Tony the Tiger walks into a bar and orders 12 shots.  He has the bartender line them up on the bar and he immediately starts downing them, one right after the other.

The bartender asks, "Why are you drinking those so fast?"

Tony the Tiger says, "You would too if you had what I have."

"What do you have?"

"75 cents."


----------



## Jeph (Sep 19, 2002)

Darn you, Kai Lord! I broke a rib laughing! I'm sending you the medical bill right now!


----------



## Magius del Cotto (Sep 19, 2002)

My, that puts all of the wierd (but somehow effective) stuff that I've been through with my old group to shame.  Wow, you must've been creatively miffed (or, conversely, he uncreatively confused).


----------



## Xarlen (Sep 19, 2002)

You are a very spiteful man.


----------



## Kai Lord (Sep 19, 2002)

Xarlen said:
			
		

> *You are a very spiteful man. *




It was just a joke, dude.


----------



## Triumph (Sep 19, 2002)

Hee hee hee.  Greatness!


----------



## Anubis (Sep 20, 2002)

That was the funniest story I ever heard!

ROTFLMAO!


----------



## kenjib (Sep 20, 2002)

That is hilarious!!!

Tony is a surrealist genius.


----------



## Bran Blackbyrd (Sep 21, 2002)

Oh man. That is absolutely hilarious! 
Thanks for sharing. 

If my players ever complain that the adventure is going badly I'll show them this and then wait for the apologies.


----------



## Carnifex (Sep 21, 2002)

Oh gods that is funny  I've been getting odd glances from other people in the computer room because I've been laughing so hard.
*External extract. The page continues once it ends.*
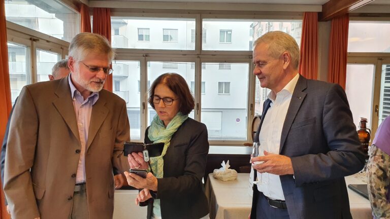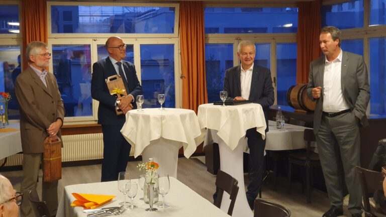 Die Freude, sich endlich wieder ungezwungen treffen zu können, war merklich gross. Intensiv wurde der Apéro genutzt, um sich zu vergangenen und aktuellen Zeiten auszutauschen. Militärisch pünktlich um halb sieben startete das mit Spannung erwartete rund einstündige Gespräch der beiden Referenten mit dem Moderator Christof Strässle zum Thema «Coronavirus und Mutanten aktuell». Christof stellte Fragen zur aktuellen Lage, zum Umgang der Entscheidungsträger mit den Herausforderungen der letzten 18 Monate, zur psychischen und physischen Belastung und zu den Erwartungen bezüglich des Coronavirus in der Zukunft. Danach wurde die Fragerunde geöffnet, was von den Teilnehmenden intensiv genutzt wurde.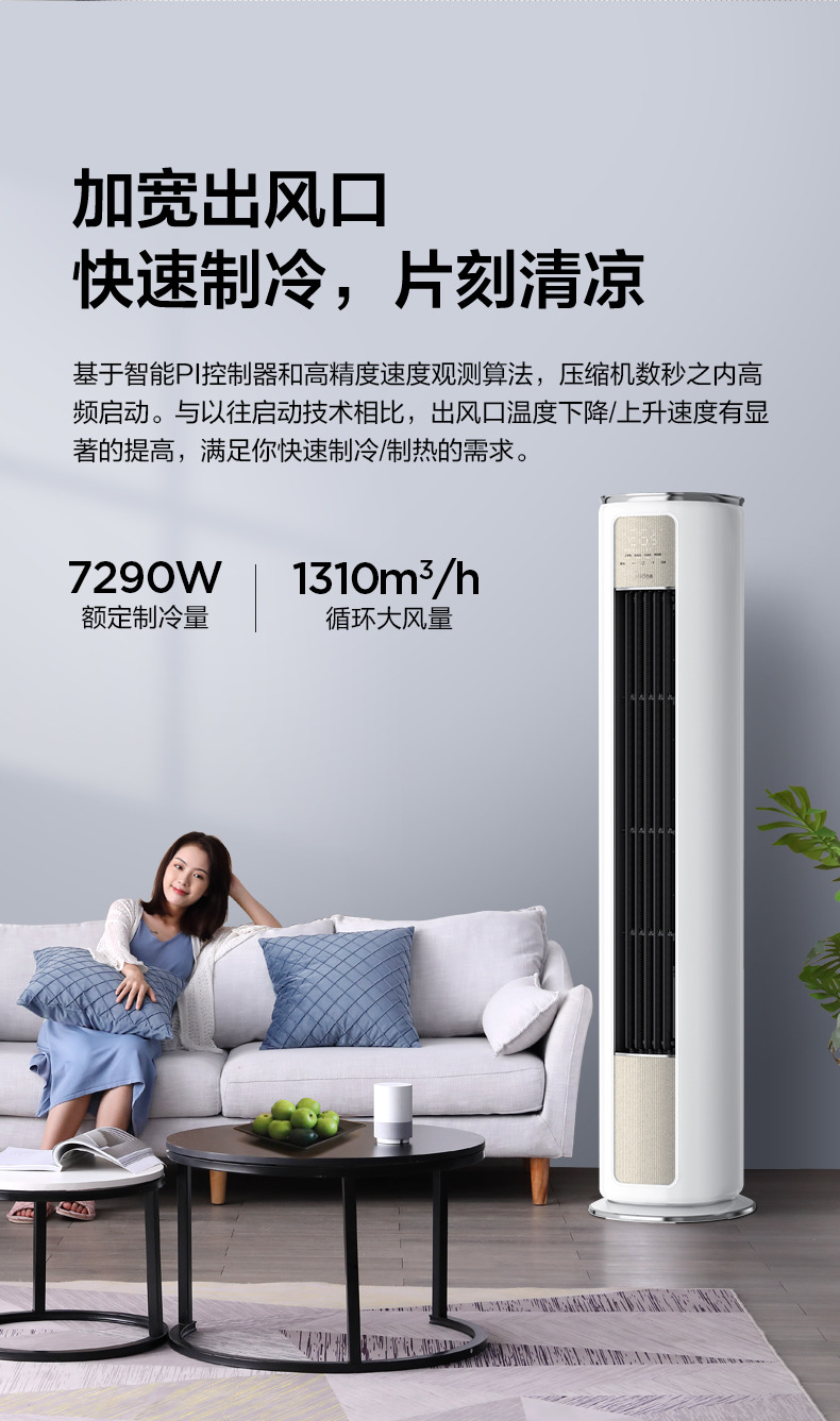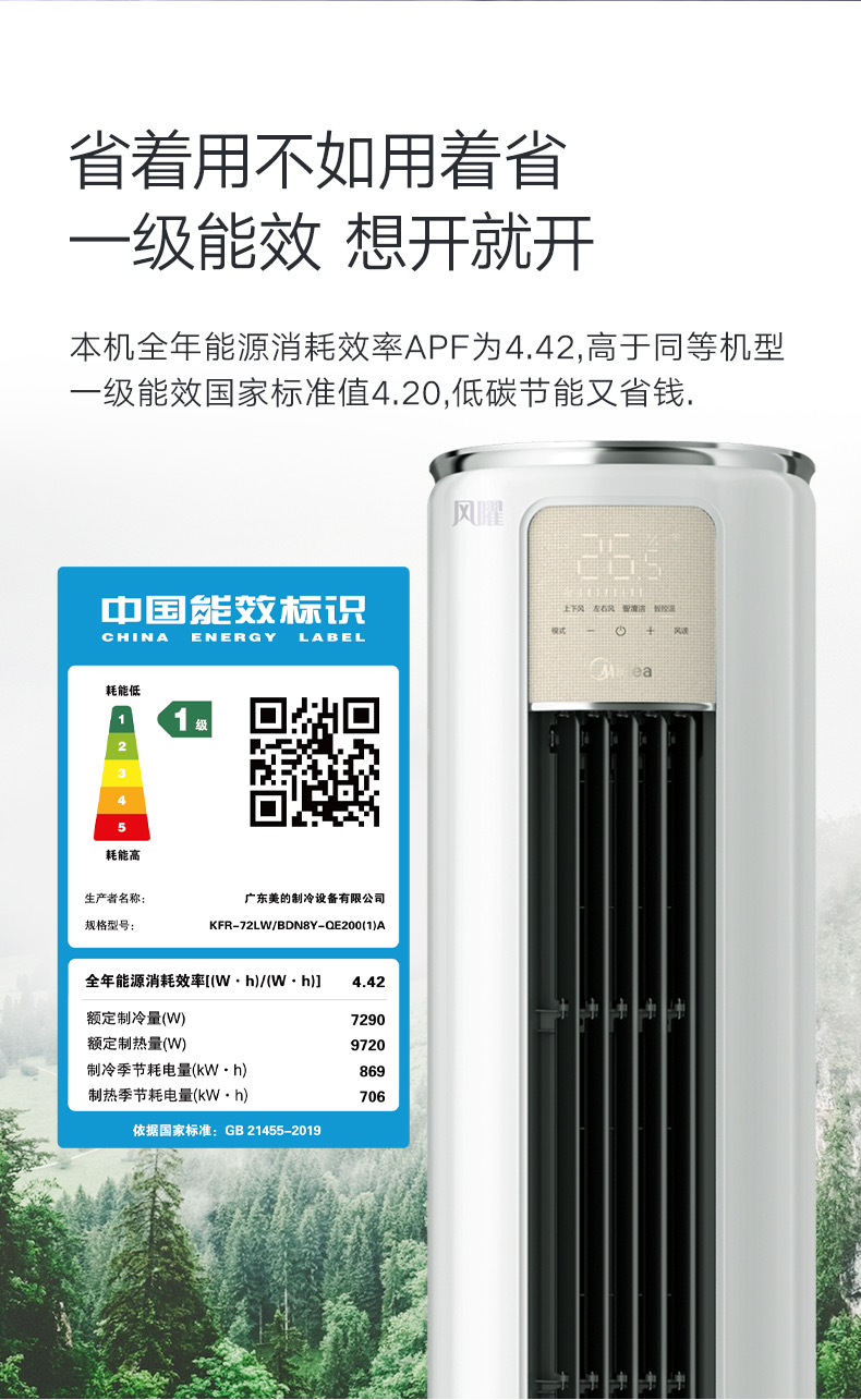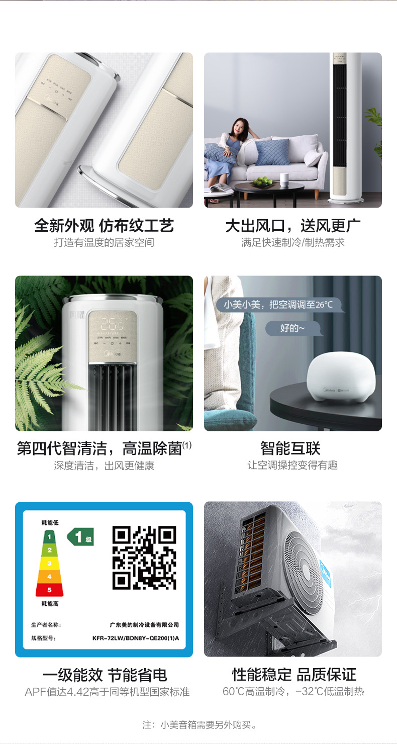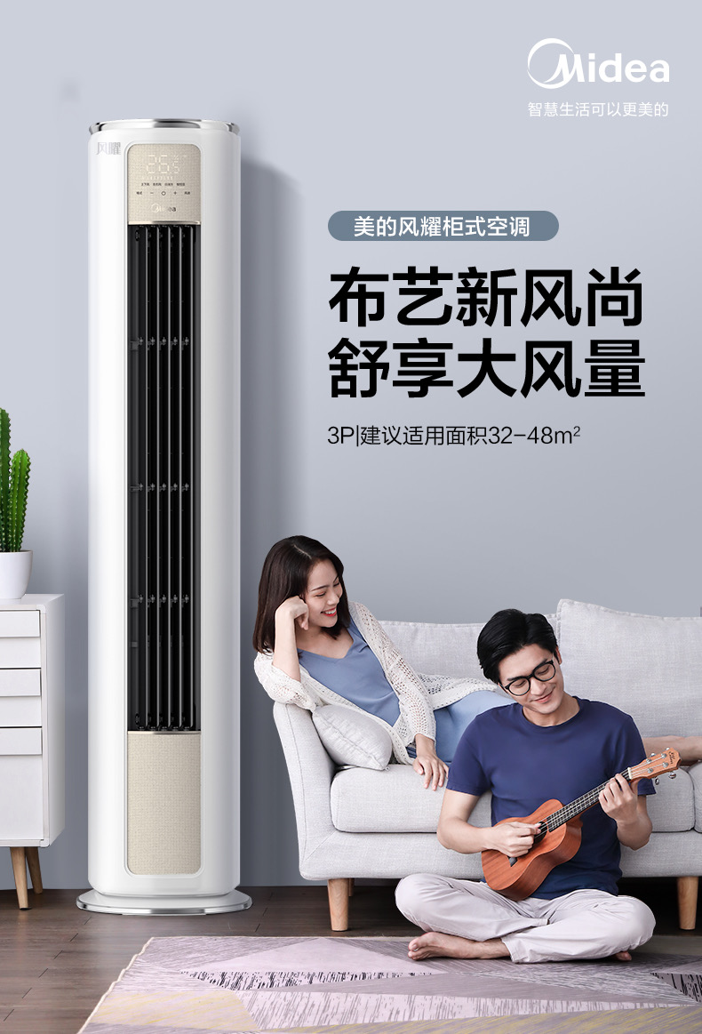 美的风耀3匹立式空调柜机大风口送风KFR-72LW/BDN8Y-QE200(1)A 新一级能效变频节能柜机套机 浅杏 美的

I have to admit I've done similar things before though, although nothing quite so spectacular. We were a party being run through some dungeon and the DM really hadn't done much in the way of prep work when it came to thinking about what the PO's might do that would differentiate from what he thought would happne.

Oops.

Well, it started badly when I was playing a dwarven cleric. I don't think I had much choice about character type, I seem to remember he handed us each out a ready-made character. Dwarven cleric, fine, but I ask him what god I worshipped.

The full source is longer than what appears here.